What is required
A verbatim copy is needed of the lines below from the one containing "One 2002 $5" up to and including the one containing "Perfect for a", excluding pictures.

Provided records
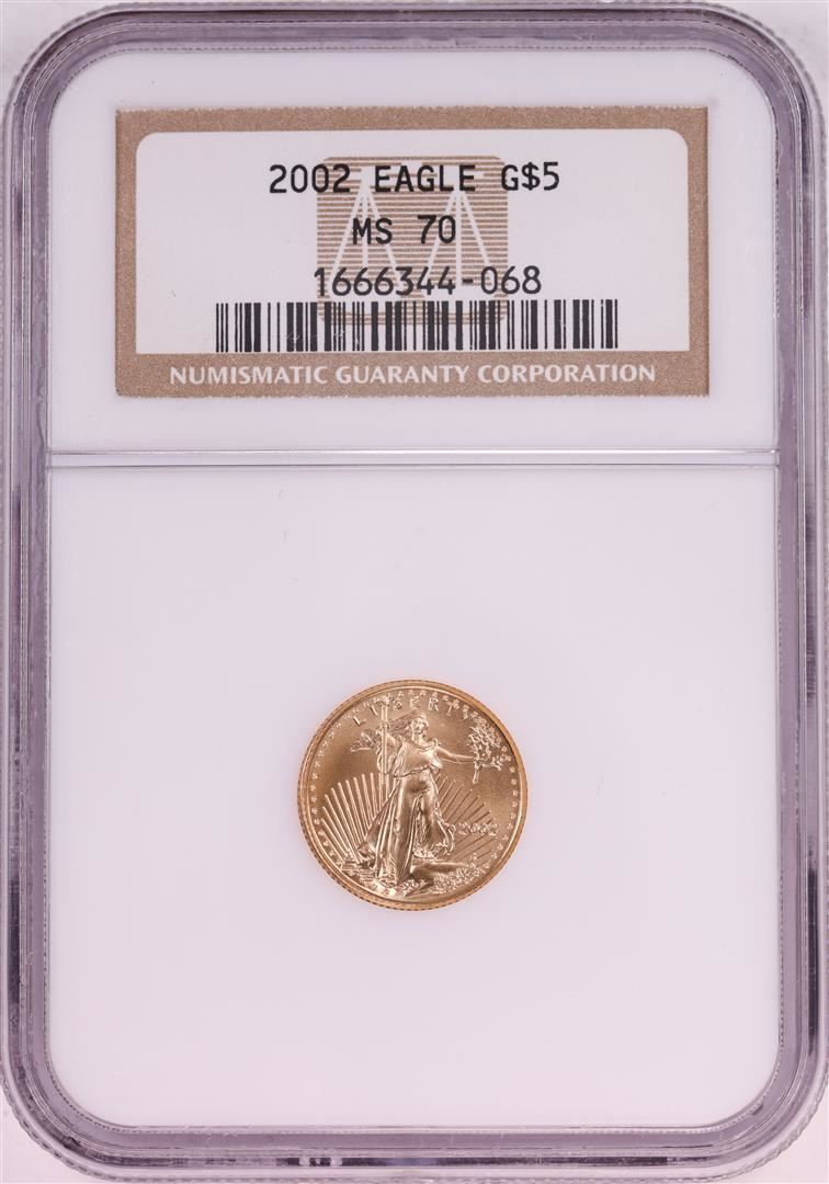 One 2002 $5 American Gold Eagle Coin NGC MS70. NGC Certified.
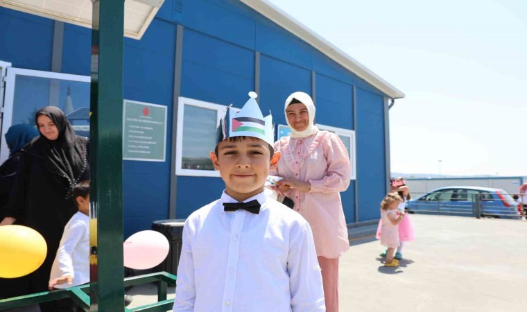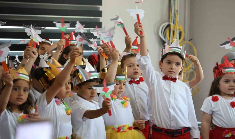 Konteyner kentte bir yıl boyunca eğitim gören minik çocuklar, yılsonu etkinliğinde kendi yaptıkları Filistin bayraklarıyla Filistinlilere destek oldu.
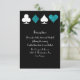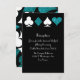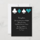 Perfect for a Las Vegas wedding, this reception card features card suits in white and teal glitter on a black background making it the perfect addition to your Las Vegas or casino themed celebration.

--

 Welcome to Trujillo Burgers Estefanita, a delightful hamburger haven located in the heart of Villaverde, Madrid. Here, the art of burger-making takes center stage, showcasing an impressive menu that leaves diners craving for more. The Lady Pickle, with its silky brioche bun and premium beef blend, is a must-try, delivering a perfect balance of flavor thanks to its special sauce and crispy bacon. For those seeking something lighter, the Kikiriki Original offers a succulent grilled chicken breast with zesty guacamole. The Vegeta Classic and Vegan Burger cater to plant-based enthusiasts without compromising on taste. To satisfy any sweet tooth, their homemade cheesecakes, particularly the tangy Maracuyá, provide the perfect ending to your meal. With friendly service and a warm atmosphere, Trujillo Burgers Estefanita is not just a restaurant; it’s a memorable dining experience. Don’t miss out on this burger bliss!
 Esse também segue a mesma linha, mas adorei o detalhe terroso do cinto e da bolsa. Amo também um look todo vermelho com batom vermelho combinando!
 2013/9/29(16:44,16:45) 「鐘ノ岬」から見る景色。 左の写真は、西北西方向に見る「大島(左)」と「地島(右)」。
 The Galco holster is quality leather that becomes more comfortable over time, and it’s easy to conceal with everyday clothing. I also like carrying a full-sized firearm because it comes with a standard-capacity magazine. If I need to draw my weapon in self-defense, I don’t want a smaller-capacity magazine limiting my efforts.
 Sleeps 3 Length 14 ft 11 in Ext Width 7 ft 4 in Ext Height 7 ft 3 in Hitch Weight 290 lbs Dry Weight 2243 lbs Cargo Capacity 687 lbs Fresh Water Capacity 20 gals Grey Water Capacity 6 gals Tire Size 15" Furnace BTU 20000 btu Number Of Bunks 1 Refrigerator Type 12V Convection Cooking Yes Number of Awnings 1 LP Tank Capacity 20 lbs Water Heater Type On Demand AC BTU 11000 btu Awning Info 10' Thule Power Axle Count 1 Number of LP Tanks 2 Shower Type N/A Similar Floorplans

---

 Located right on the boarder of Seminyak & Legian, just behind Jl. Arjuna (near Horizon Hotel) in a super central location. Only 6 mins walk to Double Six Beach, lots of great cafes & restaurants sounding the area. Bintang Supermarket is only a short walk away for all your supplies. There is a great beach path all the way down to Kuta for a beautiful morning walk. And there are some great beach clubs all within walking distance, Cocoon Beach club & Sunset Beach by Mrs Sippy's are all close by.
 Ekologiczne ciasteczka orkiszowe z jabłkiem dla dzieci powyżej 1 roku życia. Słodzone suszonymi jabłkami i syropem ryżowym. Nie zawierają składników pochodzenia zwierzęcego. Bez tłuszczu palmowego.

Answer to this task
 One 2002 $5 American Gold Eagle Coin NGC MS70. NGC Certified.
 Konteyner kentte bir yıl boyunca eğitim gören minik çocuklar, yılsonu etkinliğinde kendi yaptıkları Filistin bayraklarıyla Filistinlilere destek oldu.
 Perfect for a Las Vegas wedding, this reception card features card suits in white and teal glitter on a black background making it the perfect addition to your Las Vegas or casino themed celebration.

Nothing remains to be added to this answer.